ABOUT THIS EXERCISE:
All pictures are to be dropped, and everything else in the data duplicated exactly.
━━━━━━━━━━
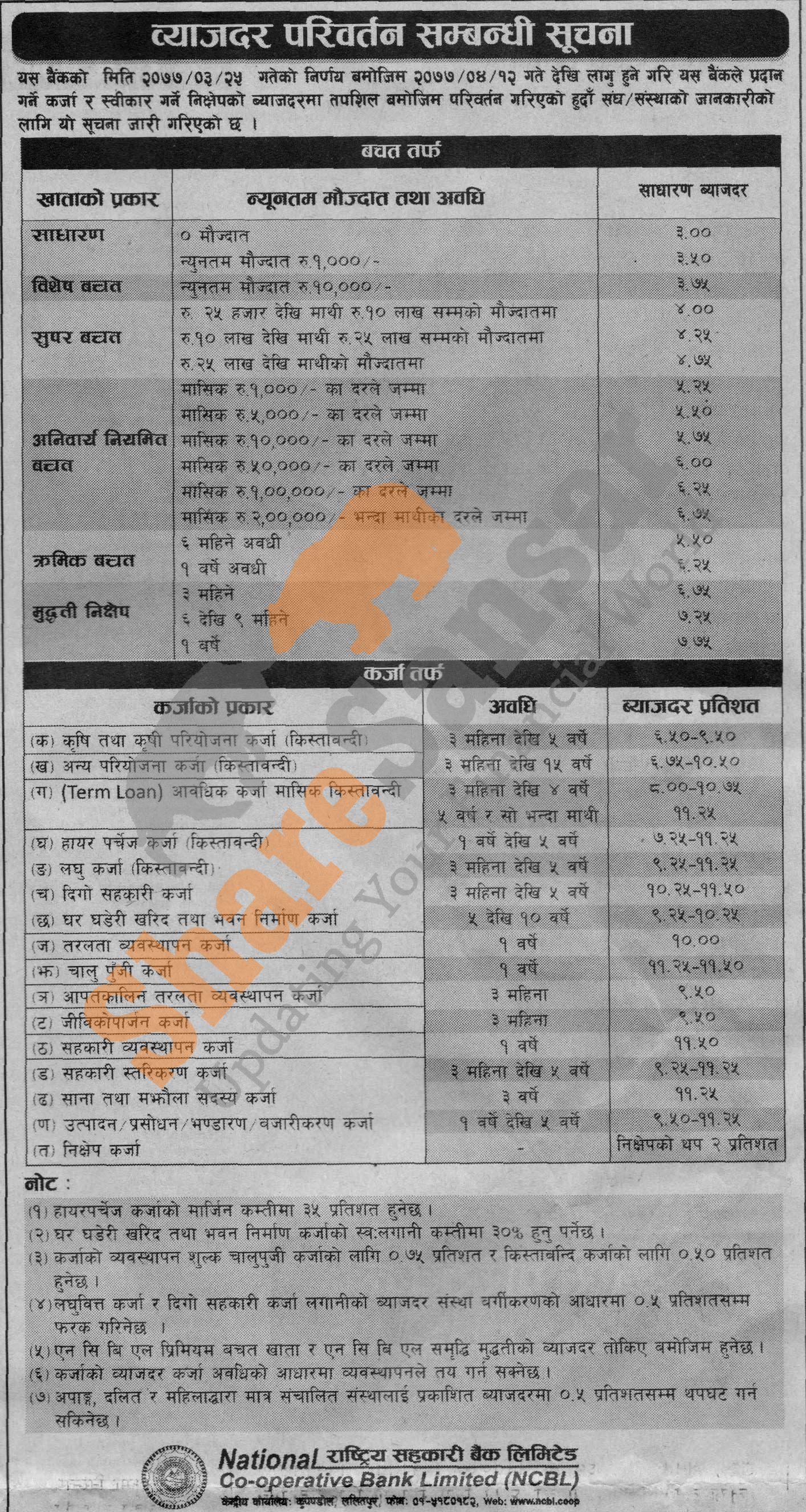 National Co-operative Bank Limited has published a notice regarding the interest rate on the various deposit and loan products and its effective from 12th Shrawan, 2077.
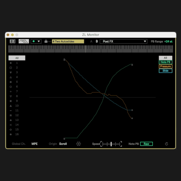 | Description: | ZL Monitor is the first graphical MPE Monitor in Max for Live. It's a convenient and intuitive way to get insight into MIDI Polyphonic Expression in your tracks. ------------------ FEATURES ------------------ * Graph MPE Pressure, Slide, Note PB (and any other Multi-Channel MIDI) for up to 15 voices at once. * Easily A | B compare MIDI from two points in the MIDI signal chain. * "Notes" view shows notes simultaneously from A and B routings. * Display Pitch of input note combined with Note PB. * "Origin" graph mode allows comparison of different MPE curves from notes which start at different times. * One instance per set, instead of bunches of MIDI Monitor devices. * Resizable window. * Minimal CPU usage for drawing. ------------------ REQUIREMENTS ------------------ * Live 11+ * Max for Live |
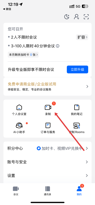 1、打開騰訊會議,進入我的頁面,能看到可召開的會議類型、剩余加時卡等,還有個人會議室、錄制等功能入口,點擊錄制。
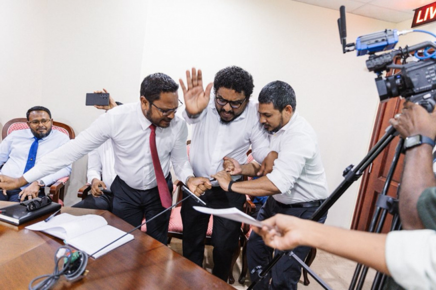 As Kendhoo MP Mauroof Zakir - from MDP - used a microphone at the committee room to voice his objections to the bill, South Henveiru MP Hussain Imran Latheef– from the PNC - snatched it from the hands of Mauroof and Thoddoo MP Hussain Sameer - another lawmaker from the MDP - and dropped it to the ground.
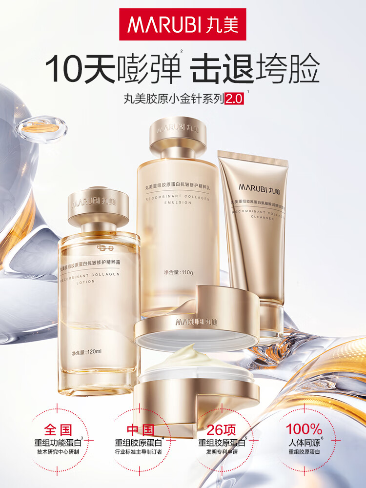 丸美双胶原小金针水乳护肤品套装紧致抗皱淡化补水保湿细纹旅行装试用 【超值到手9件】双胶原水乳霜
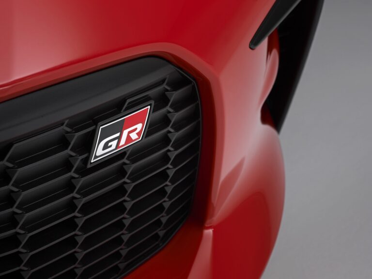 Elementy soczewek LED w kształcie paraboli nadają mu bezkompromisowy wygląd, z tym samym kształtem „L” wewnętrznie co GR Supra. Wyjątkowa siatka w kształcie G-mesh w samochodzie sportowym GR zasila powietrze do dolotu, a funkcjonalne formowanie na przednim zderzaku charakteryzuje się teksturowanym, inspirowanym skórą rekina wzorem redukującym opór.
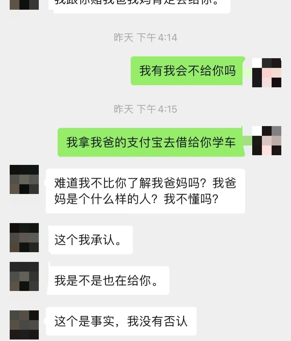 春节回家我给他刷了3000,分期3个月他每个月还一千。现在还没还完。4月中旬他要买车,看上的车大概14万,大概是首付7万左右,他爸给他出了4万,让他自己出3万他还缺1万问我借,没借给他,我是真没那么多钱,过了几天他又叫我去问父母借钱给他买车,我当时没和爸妈说,因为觉得问女朋友借可以,哪有让女朋友借父母给他买车的………这就有点离谱了。就因为我没借给他,也没问我父母借,现在就觉得我对他不上心
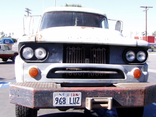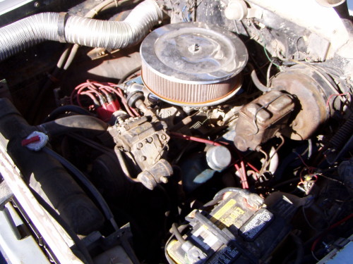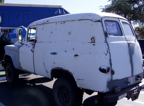 I found the truck on the Web; it was living in UT and on its last legs. It had started its life as a right-hand drive, 2WD postal truck. A previous owner had converted it to left hand drive. Larry Burns, the guy I bought it from, had converted it to 4WD using (I think!) the Dana 60 and NP205 (or 203?) from a +/- '78 Dodge Power Wagon. He didn't want constant 4WD, so he put another Dana 60 on the front to have spin-in hubs. I'm not sure if it was Larry or a previous owner, but someone put a Dodge 383cid from a '68 Charger under the hood, including its power steering, and installed a TF727 automatic from something.
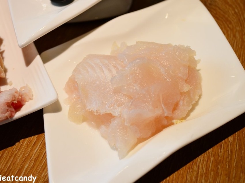 手工花枝漿是現在許多火鍋店都有的品項,裡面可以看到明顯花枝丁,吃起來軟Q軟Q,很不錯。
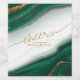 This wedding design set, with it's abstract pattern of flowing ripples and veins of glittering gold, brings to mind eye-catching rock formations and sparkling gems. The jewel-toned colour palette in shades of emerald green adds to the appeal. The wine label shown here has all the above with template to easily add a message, names and wedding date. Search ID903 to see other colour choices and coordinating pieces for this unique wedding collection.
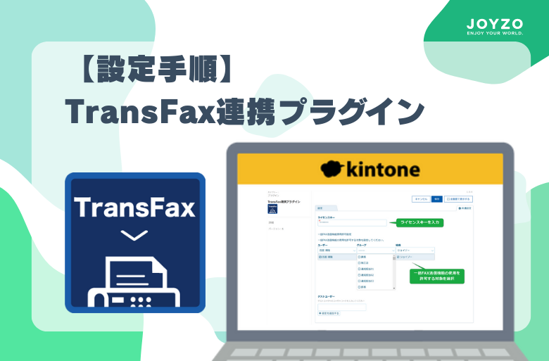 一括FAX送信を行うには、共通設定の「一括FAX送信機能使用許可設定」で使用を許可する対象(ユーザー、グループ、組織)を選択してください。選択されているユーザーのkintone画面上でのみ「一括FAX送信」ボタンが表示されます。
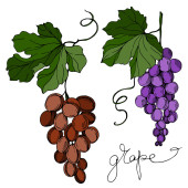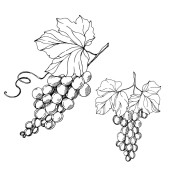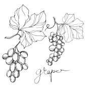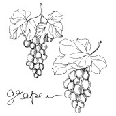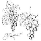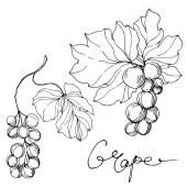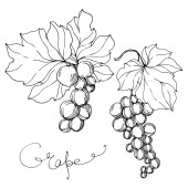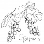 Wektor Jagoda winogronowa zdrowe jedzenie. Czarno-biała grawerowana sztuka tuszu. Izolowany element ilustracji winogron.
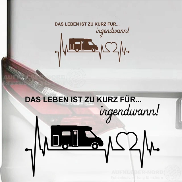 HERZSCHLAG BUS 30CM Das Leben Spruch B063 Autoaufkleber Camper Caravan
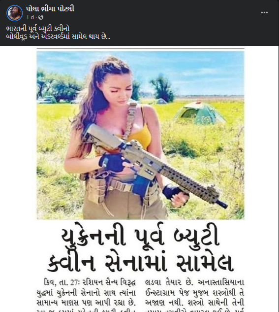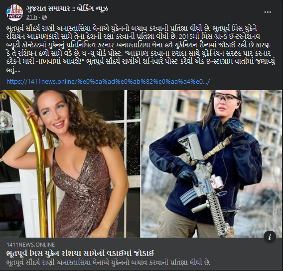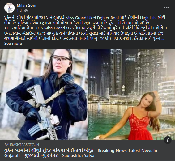 ફેસબુક પર “2015માં મિસ ગ્રાન્ડ ઈન્ટરનેશનલ બ્યુટી કોન્ટેસ્ટમાં યુક્રેનનું પ્રતિનિધિત્વ કરનાર અનાસ્તાસિયા લેના હવે યુક્રેનિયન સૈન્યમાં જોડાઈ રહી છે” ટાઇટલ સાથે અનાસ્તાસિયા લેનાની તસ્વીર શેર કરવામાં આવેલ છે. નોંધનીય છે કે વાયરલ પોસ્ટ કેટલાક ન્યુઝ ચેનલ તેમજ ન્યુઝ પેપર દ્વારા પણ પ્રકાશિત કરવામાં આવેલ છે.
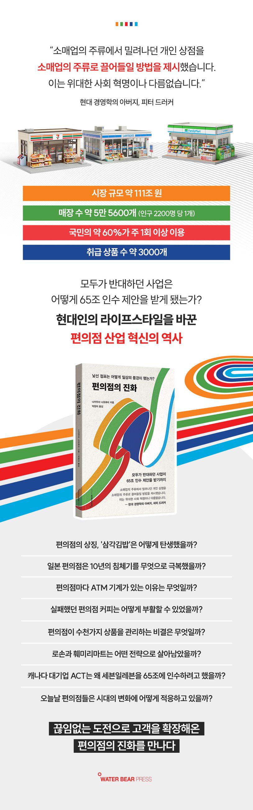 편의점이 없는 동네는 없다고 말해도 무방할 정도로 현대인의 라이프스타일에 깊이 관여하고 있다. 그러나 편의점이 이렇게 성장한 것이 당연한 일은 아니었다. 편의점이 막 생겨나던 1970년대에도 편의점의 정체성을 확립하지 못해 흔들렸고, 2000년대에도 ‘마의 10년’이라는 정체기를 맞았다. 여러 위기를 극복하고, 50년간 끊임없이 고객을 확장해 온 혁신의 역사가 오늘날의 편의점을 만들었다.
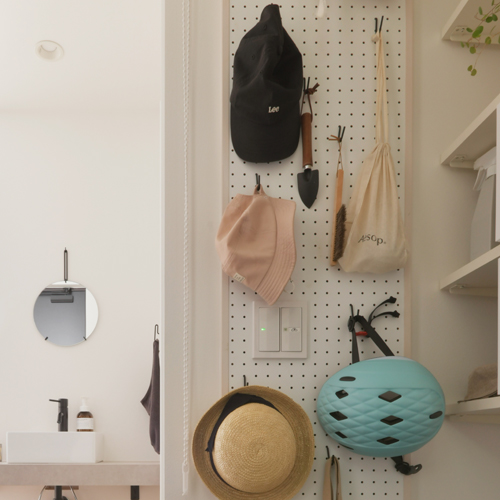 シューズインクローゼットの一角には、有孔ボードを使った見せる収納を。いつも使う帽子や鍵の定位置で、お出かけ前の「あれどこだっけ?」とは無縁。暮らしを便利にするちょっとした工夫が嬉しい
━━━━━━━━━━
SOLUTION TO THE EXERCISE:
 National Co-operative Bank Limited has published a notice regarding the interest rate on the various deposit and loan products and its effective from 12th Shrawan, 2077.
 | Description: | ZL Monitor is the first graphical MPE Monitor in Max for Live. It's a convenient and intuitive way to get insight into MIDI Polyphonic Expression in your tracks. ------------------ FEATURES ------------------ * Graph MPE Pressure, Slide, Note PB (and any other Multi-Channel MIDI) for up to 15 voices at once. * Easily A | B compare MIDI from two points in the MIDI signal chain. * "Notes" view shows notes simultaneously from A and B routings. * Display Pitch of input note combined with Note PB. * "Origin" graph mode allows comparison of different MPE curves from notes which start at different times. * One instance per set, instead of bunches of MIDI Monitor devices. * Resizable window. * Minimal CPU usage for drawing. ------------------ REQUIREMENTS ------------------ * Live 11+ * Max for Live |
 1、打開騰訊會議,進入我的頁面,能看到可召開的會議類型、剩余加時卡等,還有個人會議室、錄制等功能入口,點擊錄制。
 As Kendhoo MP Mauroof Zakir - from MDP - used a microphone at the committee room to voice his objections to the bill, South Henveiru MP Hussain Imran Latheef– from the PNC - snatched it from the hands of Mauroof and Thoddoo MP Hussain Sameer - another lawmaker from the MDP - and dropped it to the ground.
 丸美双胶原小金针水乳护肤品套装紧致抗皱淡化补水保湿细纹旅行装试用 【超值到手9件】双胶原水乳霜
 Elementy soczewek LED w kształcie paraboli nadają mu bezkompromisowy wygląd, z tym samym kształtem „L” wewnętrznie co GR Supra. Wyjątkowa siatka w kształcie G-mesh w samochodzie sportowym GR zasila powietrze do dolotu, a funkcjonalne formowanie na przednim zderzaku charakteryzuje się teksturowanym, inspirowanym skórą rekina wzorem redukującym opór.
 春节回家我给他刷了3000,分期3个月他每个月还一千。现在还没还完。4月中旬他要买车,看上的车大概14万,大概是首付7万左右,他爸给他出了4万,让他自己出3万他还缺1万问我借,没借给他,我是真没那么多钱,过了几天他又叫我去问父母借钱给他买车,我当时没和爸妈说,因为觉得问女朋友借可以,哪有让女朋友借父母给他买车的………这就有点离谱了。就因为我没借给他,也没问我父母借,现在就觉得我对他不上心
 I found the truck on the Web; it was living in UT and on its last legs. It had started its life as a right-hand drive, 2WD postal truck. A previous owner had converted it to left hand drive. Larry Burns, the guy I bought it from, had converted it to 4WD using (I think!) the Dana 60 and NP205 (or 203?) from a +/- '78 Dodge Power Wagon. He didn't want constant 4WD, so he put another Dana 60 on the front to have spin-in hubs. I'm not sure if it was Larry or a previous owner, but someone put a Dodge 383cid from a '68 Charger under the hood, including its power steering, and installed a TF727 automatic from something.
 手工花枝漿是現在許多火鍋店都有的品項,裡面可以看到明顯花枝丁,吃起來軟Q軟Q,很不錯。
 This wedding design set, with it's abstract pattern of flowing ripples and veins of glittering gold, brings to mind eye-catching rock formations and sparkling gems. The jewel-toned colour palette in shades of emerald green adds to the appeal. The wine label shown here has all the above with template to easily add a message, names and wedding date. Search ID903 to see other colour choices and coordinating pieces for this unique wedding collection.
 一括FAX送信を行うには、共通設定の「一括FAX送信機能使用許可設定」で使用を許可する対象(ユーザー、グループ、組織)を選択してください。選択されているユーザーのkintone画面上でのみ「一括FAX送信」ボタンが表示されます。
 Wektor Jagoda winogronowa zdrowe jedzenie. Czarno-biała grawerowana sztuka tuszu. Izolowany element ilustracji winogron.
 HERZSCHLAG BUS 30CM Das Leben Spruch B063 Autoaufkleber Camper Caravan
 ફેસબુક પર “2015માં મિસ ગ્રાન્ડ ઈન્ટરનેશનલ બ્યુટી કોન્ટેસ્ટમાં યુક્રેનનું પ્રતિનિધિત્વ કરનાર અનાસ્તાસિયા લેના હવે યુક્રેનિયન સૈન્યમાં જોડાઈ રહી છે” ટાઇટલ સાથે અનાસ્તાસિયા લેનાની તસ્વીર શેર કરવામાં આવેલ છે. નોંધનીય છે કે વાયરલ પોસ્ટ કેટલાક ન્યુઝ ચેનલ તેમજ ન્યુઝ પેપર દ્વારા પણ પ્રકાશિત કરવામાં આવેલ છે.
 편의점이 없는 동네는 없다고 말해도 무방할 정도로 현대인의 라이프스타일에 깊이 관여하고 있다. 그러나 편의점이 이렇게 성장한 것이 당연한 일은 아니었다. 편의점이 막 생겨나던 1970년대에도 편의점의 정체성을 확립하지 못해 흔들렸고, 2000년대에도 ‘마의 10년’이라는 정체기를 맞았다. 여러 위기를 극복하고, 50년간 끊임없이 고객을 확장해 온 혁신의 역사가 오늘날의 편의점을 만들었다.
 シューズインクローゼットの一角には、有孔ボードを使った見せる収納を。いつも使う帽子や鍵の定位置で、お出かけ前の「あれどこだっけ?」とは無縁。暮らしを便利にするちょっとした工夫が嬉しい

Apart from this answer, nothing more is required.